FL Entertainment is satisfied with the results of its wagering and gaming branch in the first half of the year. Income from the online sports wagering and gaming branch reached €489.3 million, a rise of 23.3% compared to the same period last year.
FL Entertainment’s online sports wagering and gaming branch is managed by Betclic Everest Group, which owns Bet-at-home.com and Betclic, aimed at the German market.
The company’s total income for the six-month period was €1.92 billion, an increase of 6.8% compared to the same period last year. Content production and distribution income was €1.43 billion.
FL Entertainment CEO Francois Riahi stated that the rise in total income was driven by an increase in active users in the online sports wagering and gaming branch, as well as FL Entertainment’s business model.
“We have achieved outstanding half-year results, showcasing the strength of our diverse and complementary business model, as well as the creativity and adaptability of our team,” Riahi stated.
“Our online sports wagering and gaming business has maintained double-digit income growth across all activities, driven by an increase in active users, as well as our geographic and product variety.”
Sports wagering and gaming branch
Sports wagering income accounted for the majority of the sports wagering and gaming branch’s total income, at €389.2 million.
Nevertheless, the gambling division experienced the most notable revenue surge, climbing by 40.5% to €65.4 million.
Poker earnings amounted to €28.6 million, while horse racing wagering revenue reached €6.1 million.
This expansion was attributed to “an expanding player base, product enhancements, and favorable sports betting margins.”
FL Entertainment highlighted that the count of unique active players in the initial six months of the year climbed by 36.0%.
Profit for the First Half
Examining total expenditures for the six-month period, external costs amounted to €993.5 million, up from €861.3 million. FL Entertainment attributed this to increased gaming levies, consistent with the upward trend in sports wagering and online gaming activity.
Personnel costs totaled €679.1 million, while depreciation and amortization expenses reached €60.3 million. Other operational expenses attained €26.7 million. Operating income was €5.7 million.
Considering this, operating profit for the period was €169.4 million, down 0.6%.
Other expenses – encompassing net debt and other costs – totaled €147 million. Following a net profit share in associated companies and joint ventures of €1.3 million, profit before taxation was €21.1 million.
After an income tax expense of €9.5 million, net profit for the six months was €11.6 million, €29.8 million higher than in the initial half of 2022.
Adjusted earnings before interest, taxes, depreciation and amortization (EBITDA) reached €327.3 million, up 8.8%.
By Geographic Area
By geographic area, FL Entertainment generated the majority of its revenue – €1.47 billion – from Europe. US operations accounted for €251 million.
The European continent produced €201 million in income, while the remainder of the globe contributed €8 million.
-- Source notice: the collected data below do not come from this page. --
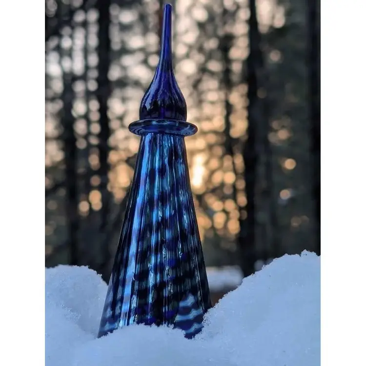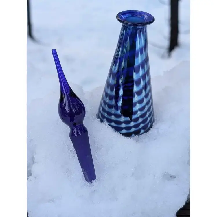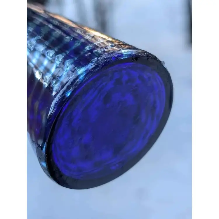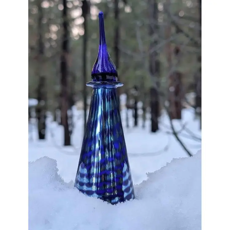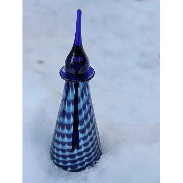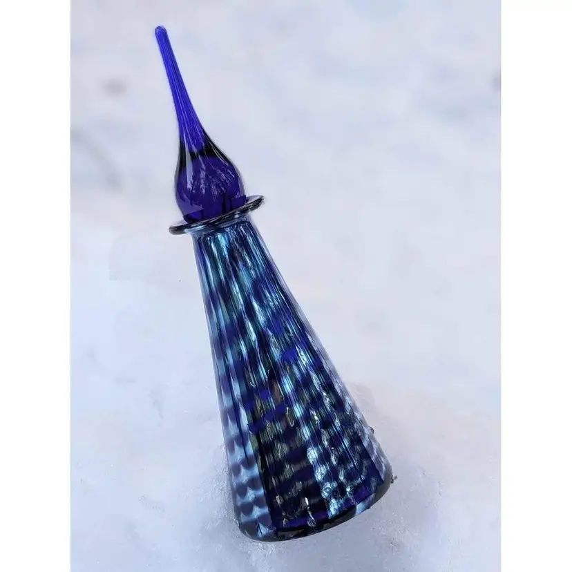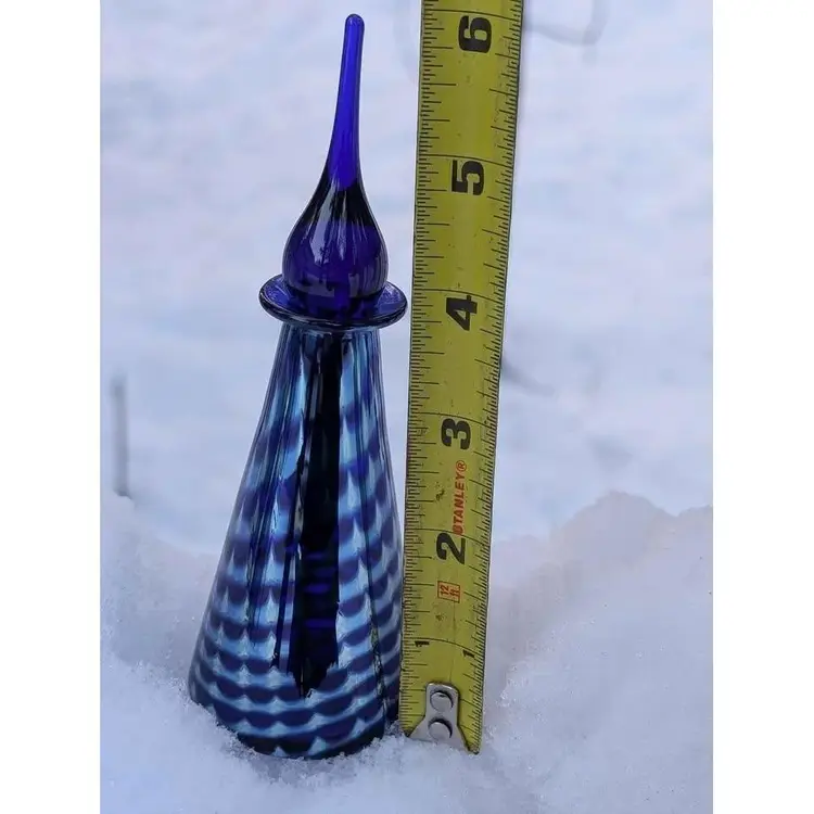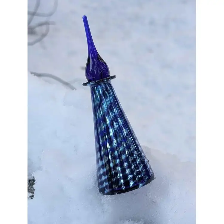 Stunning hand blown iridescent cobalt blue perfume bottle with stopper. This perfume bottle would make a gorgeous addition to any collection. It is in excellent condition and has a beautiful pattern throughout with iridescent accents. The deep cobalt blue color is throughout the piece and the stopper is solid cobalt. Excellent condition free of any imperfections - this stands just under 6" tall with the stopper on it. This piece isn't signed but looks very much like Steven Correia's work!
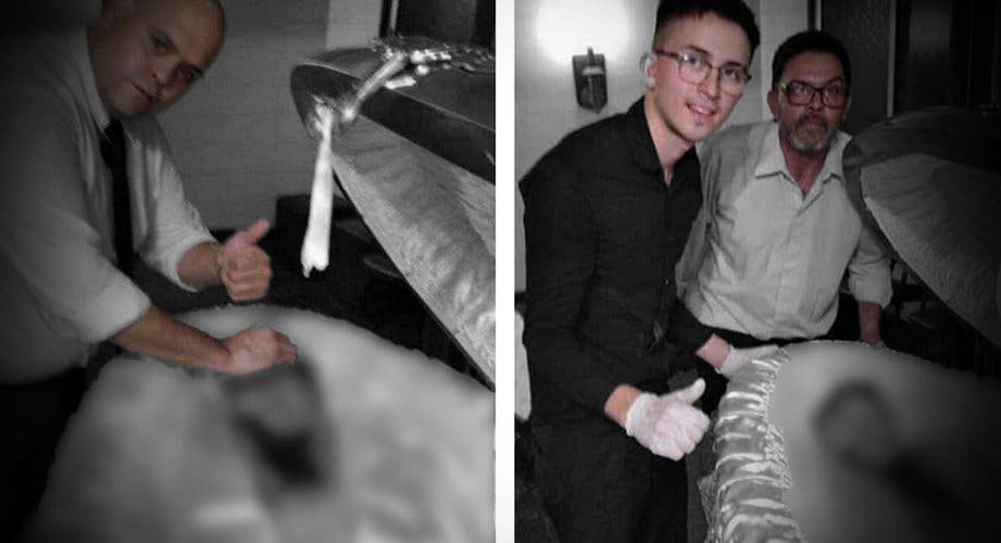 Lo que ocurrió es lo siguiente: empleados de la funeraria, Pinier, en Argentina, se fotografiaron con el cuerpo sin vida del astro argentino, mientras preparaban el féretro para trasladarlo a Casa Rosada y velarlo.
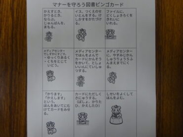2026.2.10 1学年 2学年 3学年 4学年 5学年 6学年 「マナーを守ろう!図書ビンゴ」 前期課程の図書委員会が「マナーを守ろう!図書ビンゴ」の取組を始めました。読書する態度やメディアセンターの使い方をよくすることがねらいです。図書ビンゴカードのスタンプがビンゴになったらいつでも借りられる券がもらえるようです。ぜひ、参加してください。
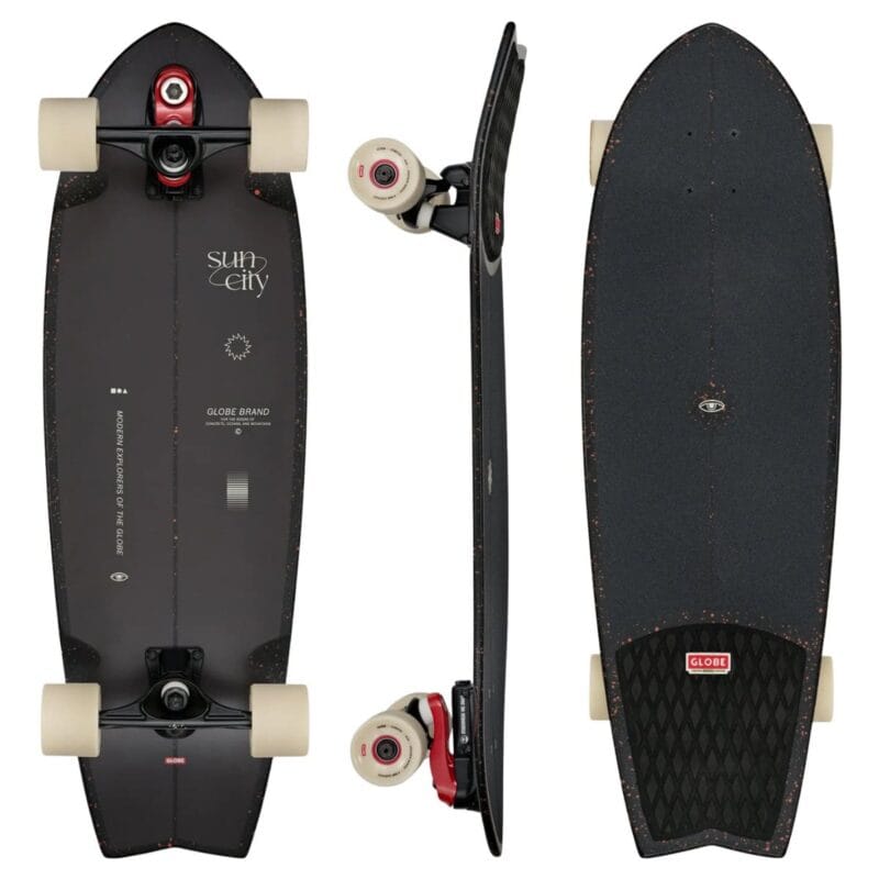 Surf-gevoel op straat: de Globe Sun City 2 Surf Skate (30″) met swallow-tail shape, Slant Surf/Skate trucks, 65mm 83A wielen en een BLOOM™ algae-foam tailpad voor grip bij carves en pumps.
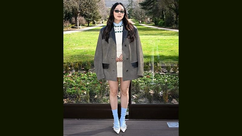 तिने पॅरिसमध्ये शार्प टेलरिंगचा प्रयोग केला, ग्रे चेकर ॲक्ने स्टुडिओ सूटमध्ये डीप-व्ही ब्लेझर आणि बरगंडी टाचांसह स्टेप आउट केले, एक परिष्कृत परंतु आधुनिक क्षण जो तिची विकसित फॅशन ओळख अधोरेखित करतो.
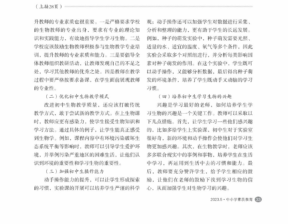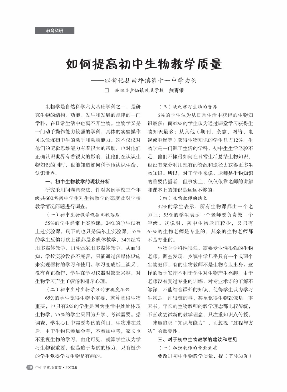 【2023年第5期】如何提高初中生物教学质量——以新化县田坪镇第十一中学为例
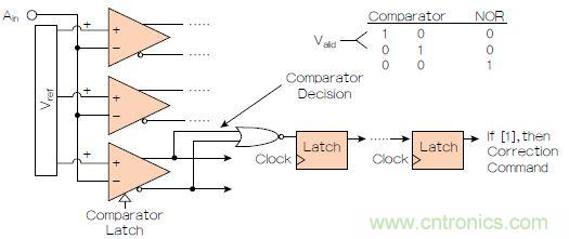 有些設(shè)計(jì)方案可以減輕這個(gè)問(wèn)題。首先,將比較器的不確定范圍設(shè)計(jì)的非常小,迫使比較器在可能的最大模擬輸入條件范圍內(nèi)做出準(zhǔn)確決定。但是,這可能造成電路功率和設(shè)計(jì)尺寸增加。
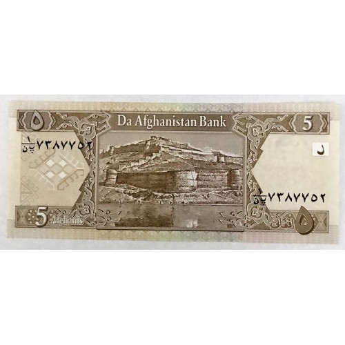 Afghanistan 2002 (SH1381). Five 5  Afghanis Banknote . Serial: 7387752.
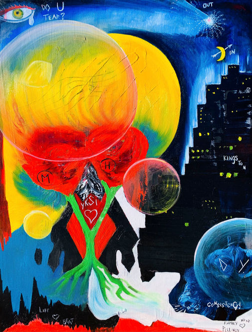 HEAL 89x116CM year2021 Water based oil color painting. Made with brushes and art knives. Painting about my past life, sad moments, happy moments, my idols and influencers, family, I tried to connect to the whole universe with this painting. This painting is about to heal every wounded person who looks at it. I cried a lot doing this.That is my thought and I´m serious about it and hoping it would happen to all who struggle in life. Artist: Hermanni Pellinen
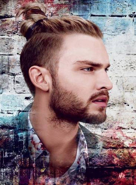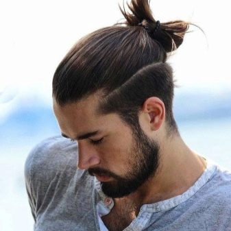 Se resalta el formato principal del moño: moño de hombre, en el que no es necesario acortar el cabello en los lados. En este caso, el cabello de longitud media debe llegar al menos hasta la barbilla. Las variedades de vigas, como los cortes de pelo de nudo superior, recuerdan más a un corte en términos de ejecución., pero le permite asegurar las hebras en la corona en una pequeña cola o nudo. Vale la pena prestar atención al hecho de que la longitud del cabello en la corona y la corona en este caso debe ser de aproximadamente 15 cm o corresponder a la palma del hombre.

Online sports wagering and gaming alone generated €471.1 million in Europe, while the rest of the globe brought in €18.2 million. The United States market did not record any income in this sector.
Earlier this week, FL Entertainment’s Bet-at-home disclosed that its total gaming income for the initial six months of the year decreased by 9.3%.
FL Entertainment highlighted that Bet-at-home’s operations have been halted in specific regions. The decision to withdraw from certain markets has been developing for the past two years, with Bet-at-home announcing its departure from the Austrian market in 2021.
During this period, Bet-at-home also withdrew from the Maltese market and was suspended by the United Kingdom Gambling Commission.